The job itself may be created from a Python controller that triggers a PythonShell job with a wheel stored in S3. A typical configuration looks like this, where the script location and wheel are in your bucket and the runtime is set to Python 3.9 on Glue 3.0:
response = glue_client.create_job(
Name=cfg["aws_glue"]["etl_jobs"][0]["name"],
Role=iam_role_arn,
JobMode="SCRIPT",
ExecutionProperty={"MaxConcurrentRuns": 1},
Command={
"Name": "pythonshell",
"ScriptLocation": cfg["aws_glue"]["S3_URI"],
"PythonVersion": "3.9",
},
DefaultArguments={
"--TempDir": str(cfg["s3_bucket"]["bucket"] + cfg["s3_bucket"]["temp"]),
"--extra-py-files": str(
cfg["s3_bucket"]["bucket"]
+ cfg["s3_bucket"]["dependencies"]
+ "pokemon_datalake_and_anltx-0.1.0-cp39-none-any.whl"
),
"--job-language": "python",
},
MaxRetries=0,
GlueVersion="3.0",
Description="Job for processing raw Pokémon data.",
)
print(f"Job has been created: {response['Name']}")
Why it breaks
The AWS Glue 3.0 PythonShell runtime expects specific, mutually compatible library versions. If your wheel bundles libraries like numpy, pandas, botocore, or awswrangler that exceed the bounds of what the runtime supports, Glue surfaces the conflict and aborts the run.
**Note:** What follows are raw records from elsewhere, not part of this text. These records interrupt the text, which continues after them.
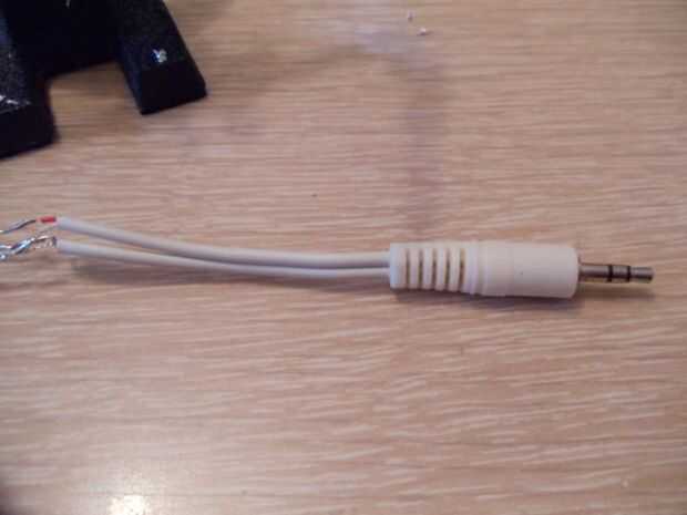 El puerto de audio macho fue rescatado de un roto par de altavoces que he encontrado en una descarga electrónica. En la mayoría de los casos encontrarás un cable blanco, rojo y negro dentro de la envoltura de cable más grande. Rojo suele ser el canal derecho y blanco suele ser el canal izquierdo, negro suele ser el suelo. En el puerto de cable que utiliza, rojo estaba en lo cierto, fue blanco y gris se quedó.
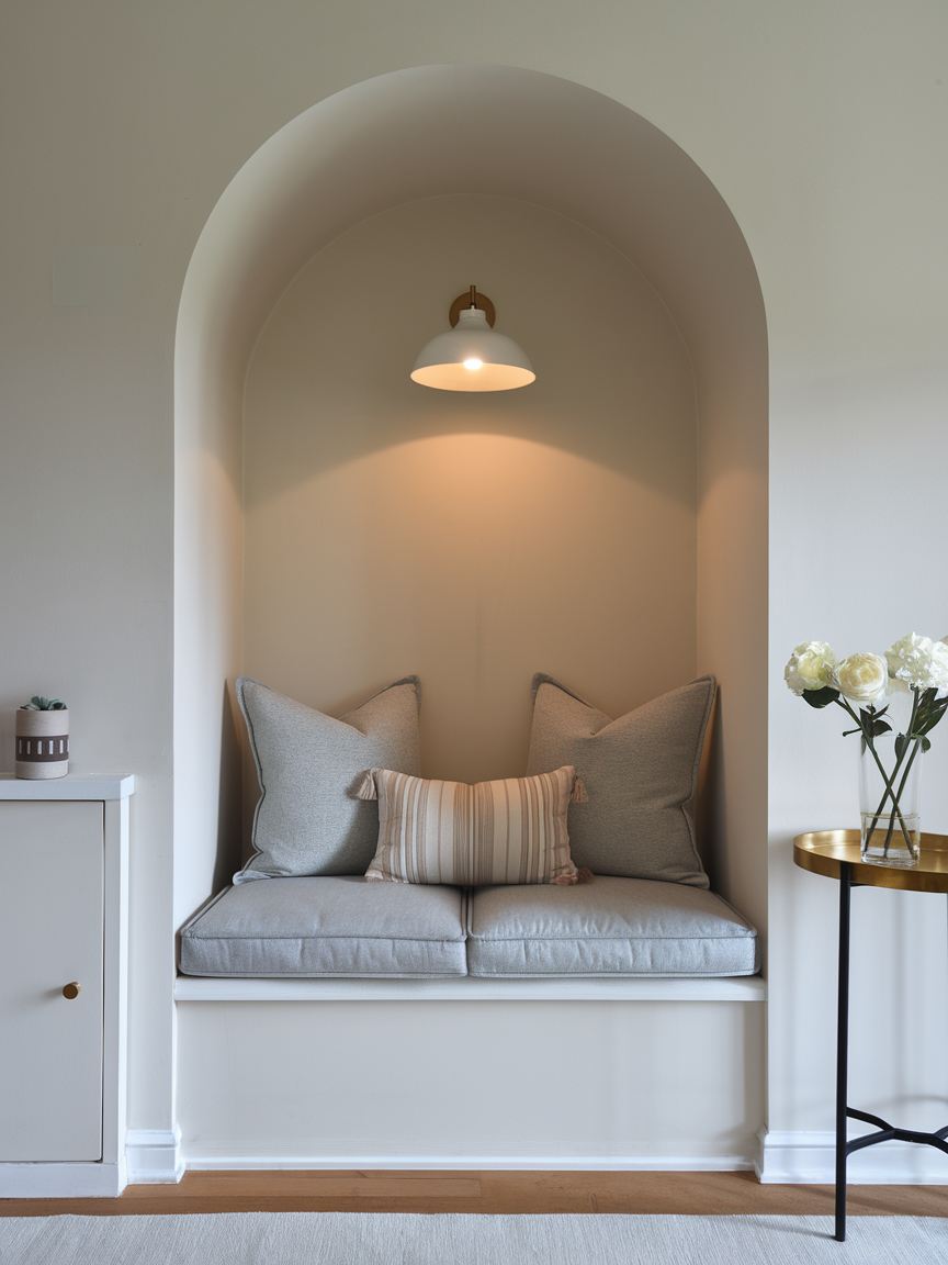 Create a sleek and sophisticated look by designing your nook in a monochrome palette. Choose furniture, textiles, and décor in varying shades of the same color, such as gray, beige, or soft taupe. Mixing tones and textures prevents the design from feeling flat while maintaining a cohesive appearance. A modern chair, simple side table, and minimalist lighting keep the space refined and uncluttered. This style works beautifully in contemporary interiors and helps the nook feel calm, balanced, and visually polished.
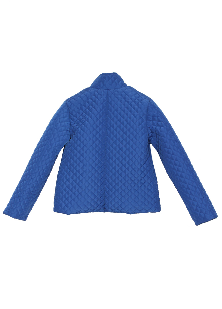 Куртка синего цвета детская на молнии. Имеет ромбовый узор и вместительные карманы
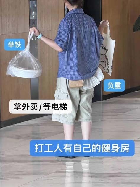 “左右手各举着外卖与帆布包,重复做出举起、放下的动作,腰间还系着三个外卖。”有网友称,自己有位同事每次都自告奋勇帮大家去楼下带饭,“她说来回路上等于负重运动了,办公室每天坐太久了,又没时间跑健身房”,就在每天拿外卖或等电梯时运动快充一下,省下一笔健身钱。
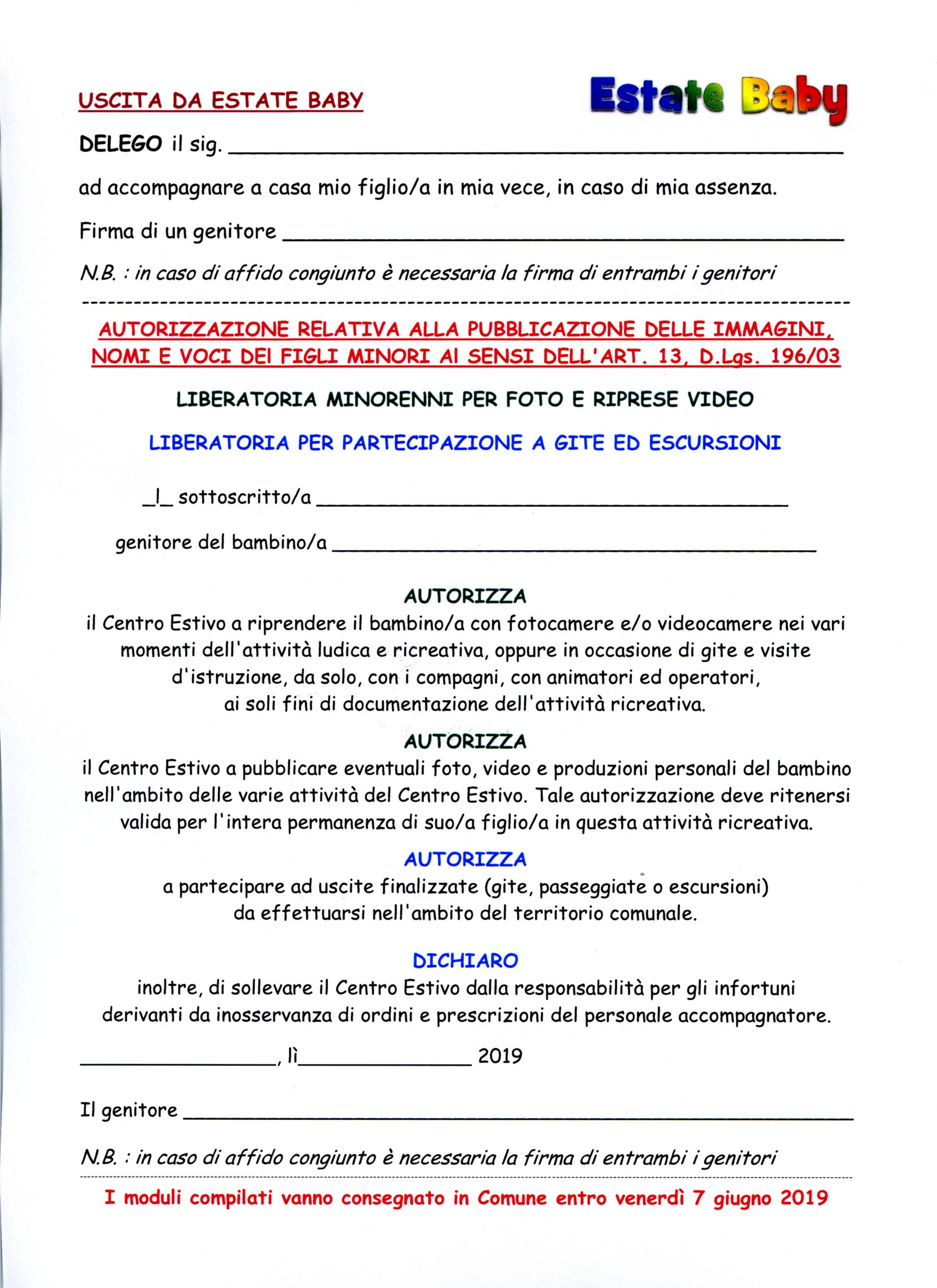 I moduli vanno consegnati in Comune entro il 7/6
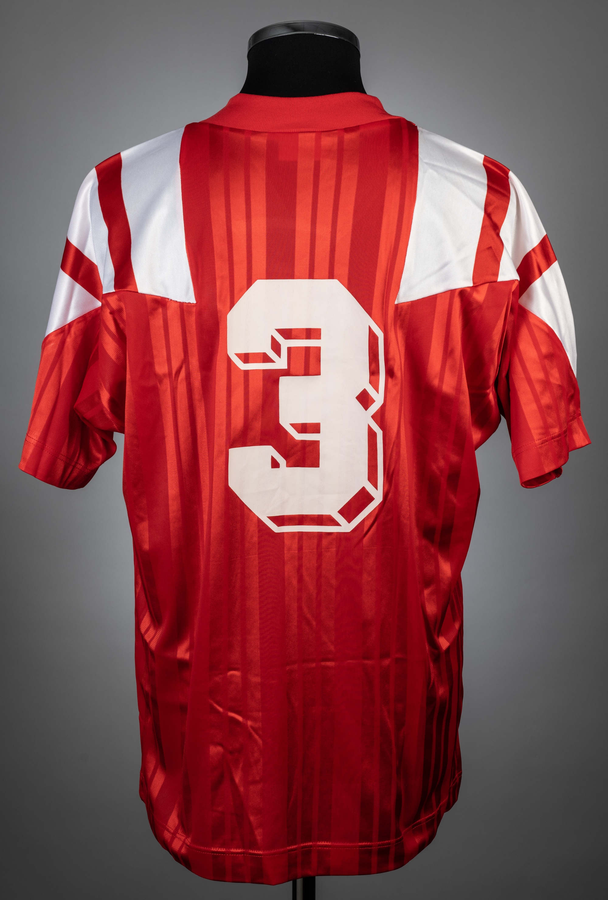 Red & white Oman no.3 international jersey, circa 1996, match-issue, Adidas, short-sleeved with national emblem badge, front and reverse numbered 3,
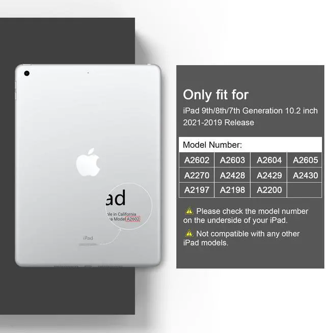 • CompatibilityPlease Note: Designed for iPad 9th/8th/7th Generation 10.2" 2021 2020 2019 (Model number: A2602 / A2603 / A2604 / A2605 / A2270 / A2428 / A2429 / A2430 / A2197/A2200/A2198) Not compatible with any other iPad models.
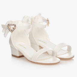 Girls special occasion sandals by Angel's Face, in pearlised navy blue faux leather with 3.5 cm-high heels. Fastening with sparkly diamanté, heart-shaped buckle on the ankle strap, they have pretty grosgrain bows on the back.
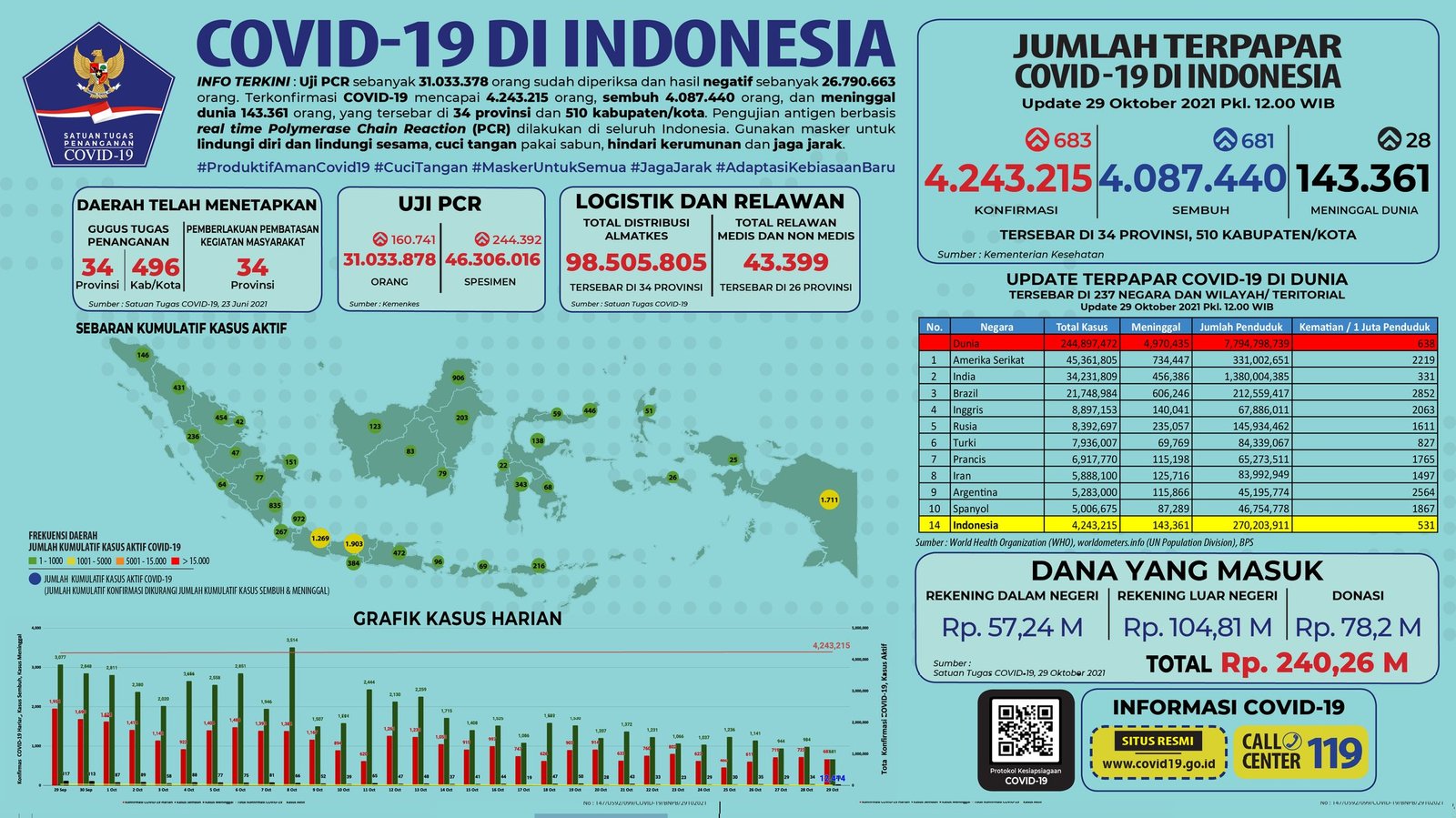 Sebelumnya pada Kamis (28/10/2021), jumlah akumulatif kasus positif berada di angka 4.242.532 dengan 4.086.759 di antaranya sembuh dan 143.333 meninggal dunia.
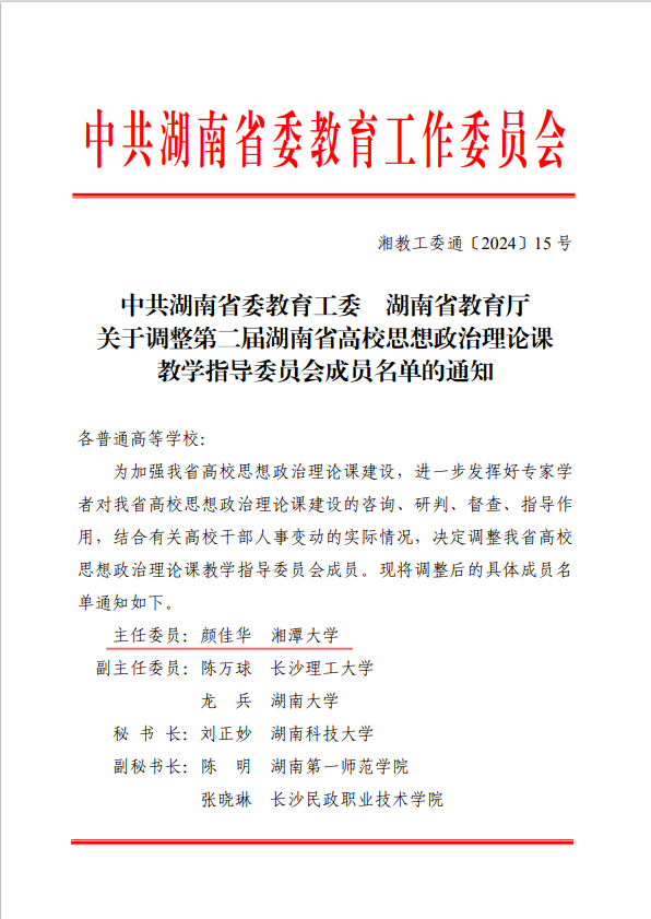 近日,湖南省高校思政课教学指导委员会顺利进行换届,省委教育工委、省教育厅发布《关于调整第二届湖南省高校思想政治理论课教学指导委员会成员名单的通知》,bevictor伟德官网颜佳华教授连任省教指委主任委员。
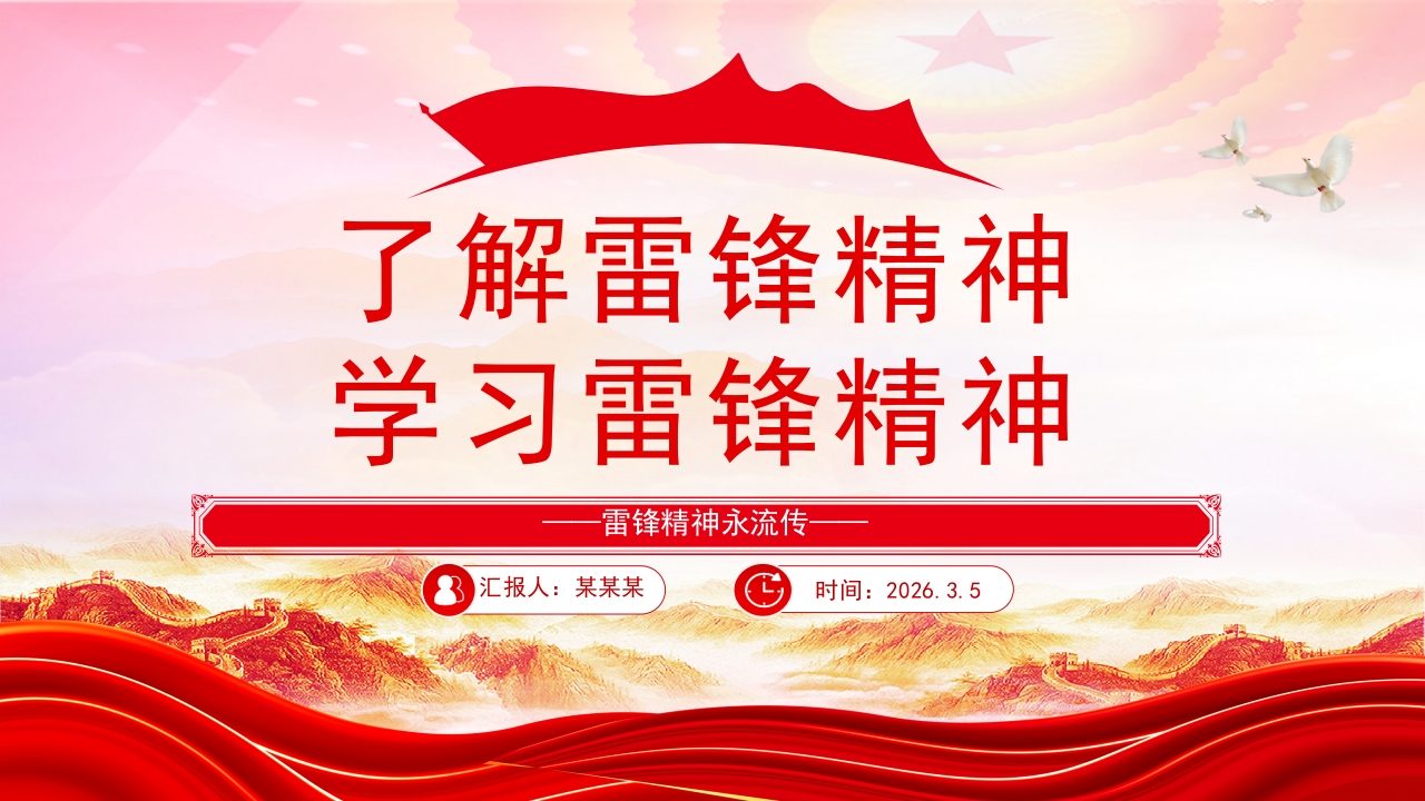 首页PPT模板红色精美了解雷锋精神学习雷锋精神PPT3.5学雷锋纪念日课件
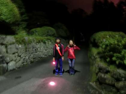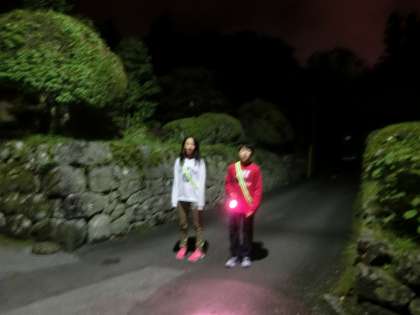 懐中電灯をもち反射のたすきをかけ、宿舎のまわりを巡る肝試しをしました。恐いかなと話しながら、ペアになった友達と暗闇の中に消えていきました。
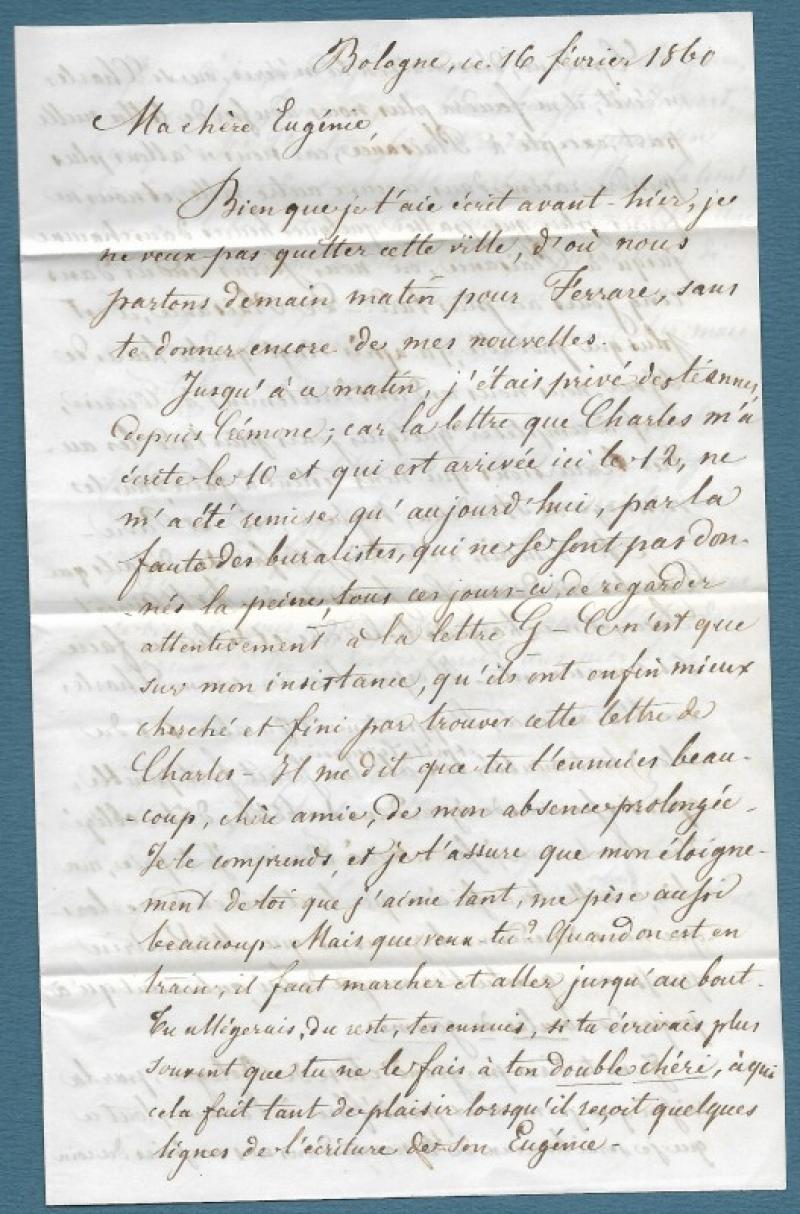 STATI SARDI. GOVERNO PROVVISORIO DELLE ROMAGNE. IV emissione, 10 centesimi bruno grigio olivastro, I tavola, tiratura 1860 ( Sassone 14B), coppia orizzontale annullata mediante due impronte del timbro "muto" a losanga pontificio di Bologna (datario doppio cerchio a lato) su busta indirizzata a Torino del 17 febbraio 1860. Conservata la corrispondenza. Ottima qualità, certificato Bottacchi. (Rif.F7763)

Even if your local venv or conda is on Python 3.9 and your wheel is built for cp39, the versions inside that wheel still must satisfy the constraints of the Glue 3.0 environment.
How to resolve it
The fix is to align your dependency set with the Glue 3.0 constraints and keep your job configuration stable. Start by preparing a requirements.txt that pins compatible versions. Use this requirements file to build your wheel so that the bundled dependencies respect the Glue 3.0 expectations. Ensure your Python script imports these packages and nothing that drags in incompatible transitive versions. Upload the script to S3 in the scripts location you are already using. Keep the Glue job configuration as shown, referencing your script and the wheel in S3. Create or recreate the job using your standard flow; if you prefer the CLI for provisioning, create the Glue job from there using the same configuration details.
Corrected configuration in context
With the dependency set pinned to compatible versions, the job definition itself does not need structural changes. The creation call can remain functionally identical, continuing to use PythonShell on Python 3.9 with the wheel in S3:
job_resp = glue_svc.create_job(
Name=conf["aws_glue"]["etl_jobs"][0]["name"],
Role=role_arn,
JobMode="SCRIPT",
ExecutionProperty={"MaxConcurrentRuns": 1},
Command={
"Name": "pythonshell",
"ScriptLocation": conf["aws_glue"]["S3_URI"],
"PythonVersion": "3.9",
},
DefaultArguments={
"--TempDir": str(conf["s3_bucket"]["bucket"] + conf["s3_bucket"]["temp"]),
"--extra-py-files": str(
conf["s3_bucket"]["bucket"]
+ conf["s3_bucket"]["dependencies"]
+ "pokemon_datalake_and_anltx-0.1.0-cp39-none-any.whl"
),
"--job-language": "python",
},
MaxRetries=0,
GlueVersion="3.0",
Description="Job for processing raw Pokémon data.",
)
print(f"Job has been created: {job_resp['Name']}")
The important change happens in the dependency set you package, not in the job creation call. Once your wheel reflects a requirements.txt that respects the runtime’s version window, the incompatibility messages disappear.
Why this knowledge matters
Glue’s managed runtime gives you a predictable base, but it also means your third-party stack must fit within its boundaries. When building data lake ETL on top of Glue 3.0, dependency discipline saves hours of debugging and avoids flakiness across environments. Tying your wheel build to a requirements.txt that matches Glue prevents hidden upgrades, transitive surprises, and broken runs after innocuous changes.
Practical takeaways
Pin your package versions explicitly for Glue 3.0 and rebuild the wheel with those constraints. Keep your PythonShell job on Python 3.9 as configured and point to the script and dependencies in S3. Create or update the Glue job with the same parameters, and let the aligned dependency set do the heavy lifting. This approach stabilizes your ETL pipeline and keeps your analytics stack consistent across development and production.